Pancreatic ductal adenocarcinoma (PDAC) is by far the most common form of pancreatic cancer, accounting for ~90% of cases, and possesses a notoriously poor prognosis; overall only 21% of patients survive for one year or more, and just 3% for 5 years or more . Much of the previous literature suggest that it has often metastasized at the time of presentation, which is reflected by the fact that even with small cancers (<1 cm) 30% have node-positive disease and 10% have distal metastasis [2,3].
Gemcitabine and the combination therapy FOLFIRINOX are the two principal chemotherapeutic agents for PDAC. These therapeutic options have been shown to deliver modest improvements of overall survival, but are associated with significant toxicity and an often unacceptable side effect profile; attenuated doses of FOLFIRINOX are frequently required as patients are unable to tolerate it and they are often elderly .
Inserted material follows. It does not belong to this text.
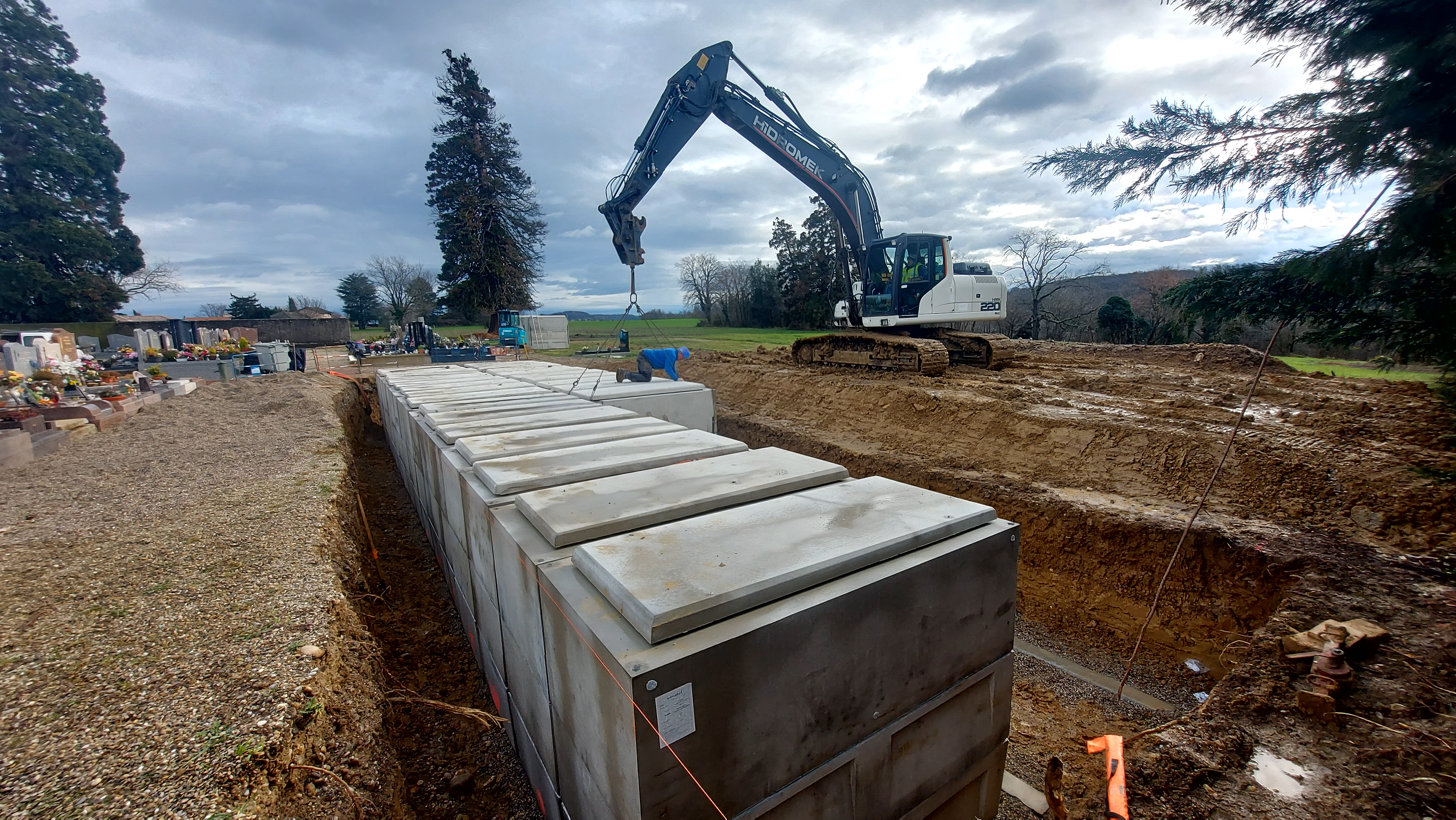 Sur fin d'année 2023, nous avons donc réalisé la fourniture et travaux de pose de 32 caveaux 3 places préassemblés (en 2 rangées de 16 caveaux) avec remise en état de l'allée existante en gravier.

Over recent years, there has been increasing interest in repurposing nonanticancer drugs for use in oncology [5,6]. This has ‘substantial advantages’ over de-novo discovery of anticancer drugs including; an established safety profile, faster progression into phase 3 clinical trials and more cost-effective treatments .
Calcium signalling has been implicated in both tumourigenesis and tumour progression, with recent literature reviews highlighting the role of calcium channels in; apoptosis evasion, abnormal proliferation, abnormal differentiation, invasion and tumour metastasis [7,8]. Calcium channel blockers (CCBs) are a widely prescribed class of drugs used in many common conditions such as hypertension, angina and atrial fibrillation. Multiple basic science studies have postulated a therapeutic potential of CCBs in cancer [9–18]. They are well tolerated, inexpensive, and have a favourable side effect profile when compared to standard anticancer drugs. This could make CCBs ideal candidates for drug repurposing into viable adjuncts to currently available chemotherapy regimens.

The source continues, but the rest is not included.